GIVEN DATA ->
========

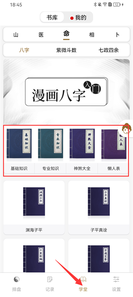 5、进入学堂页面后,这里有丰富的入门漫画和八字书籍供大家免费浏览学习,新手也能快速掌握入门知识。
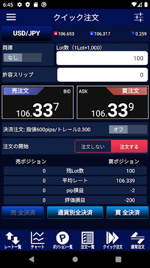 You can place an order with one tap (both houses are possible). Equipped with "Payment pip difference order" that allows you to place a profit / loss cut within a specified price range at the same time as a new order. Orders can also be placed from the chart screen, so you can speedily trade without missing the timing.
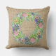 Steek uw meubels op met deze gooiende kussen geadorneerd met een lelijke kreet gemaakt van succulenten, roze, blauwe en perzikbloemen en aanrakingen van paarse loof.
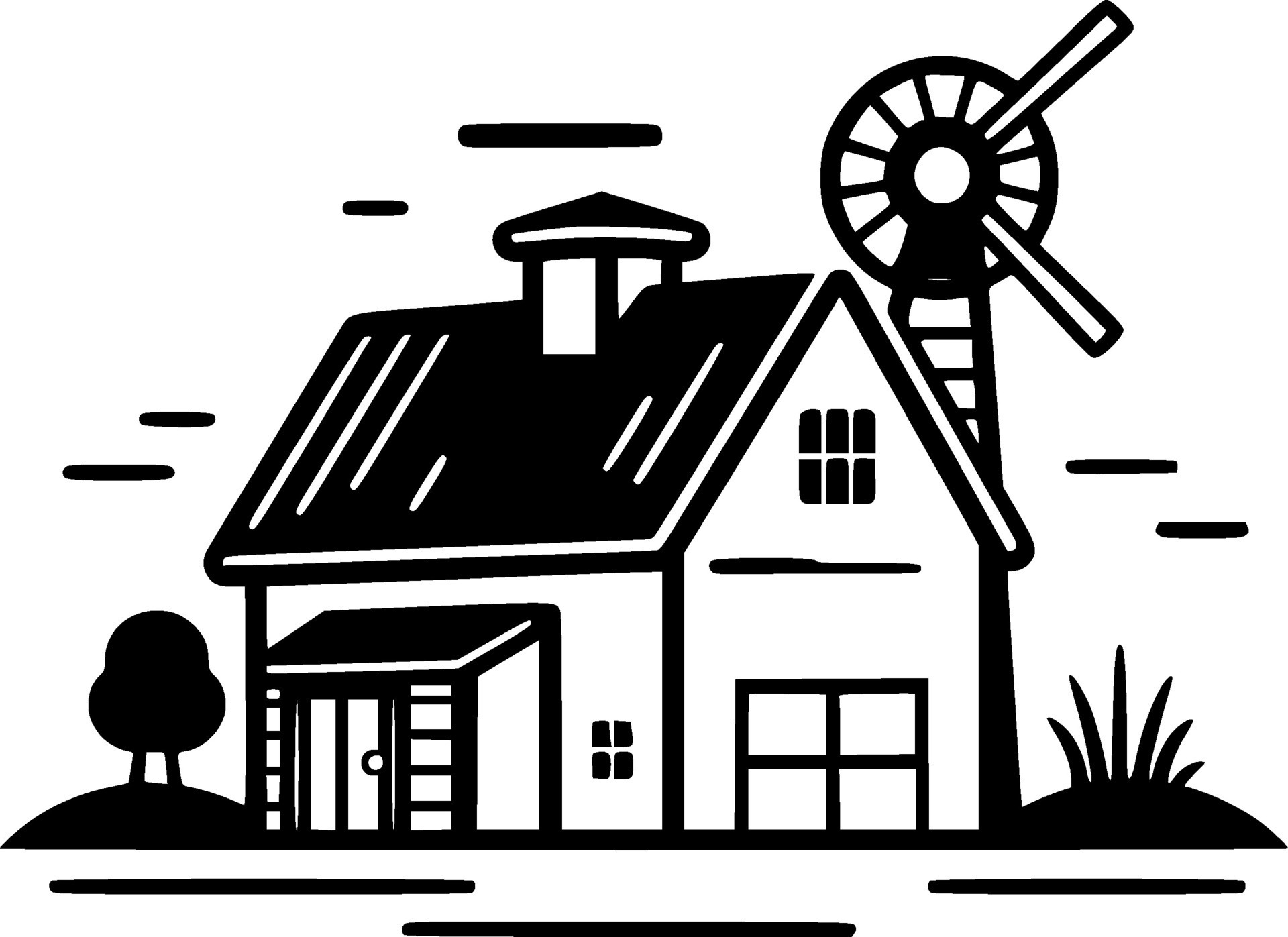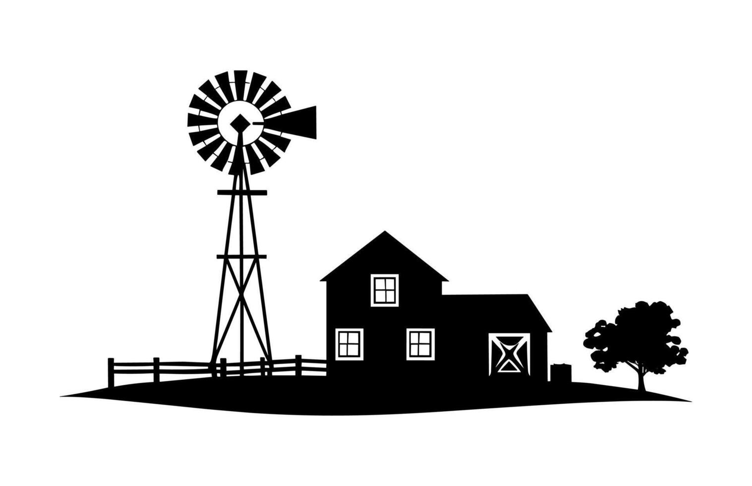 Premium Vector Farmhouse and Windmill Silhouette black Clipart Vector

========

EXERCISE ->
Without the images, write out each line of the data verbatim.

OUTPUT OF THE TASK ->
 5、进入学堂页面后,这里有丰富的入门漫画和八字书籍供大家免费浏览学习,新手也能快速掌握入门知识。
 You can place an order with one tap (both houses are possible). Equipped with "Payment pip difference order" that allows you to place a profit / loss cut within a specified price range at the same time as a new order. Orders can also be placed from the chart screen, so you can speedily trade without missing the timing.
 Steek uw meubels op met deze gooiende kussen geadorneerd met een lelijke kreet gemaakt van succulenten, roze, blauwe en perzikbloemen en aanrakingen van paarse loof.
 Premium Vector Farmhouse and Windmill Silhouette black Clipart Vector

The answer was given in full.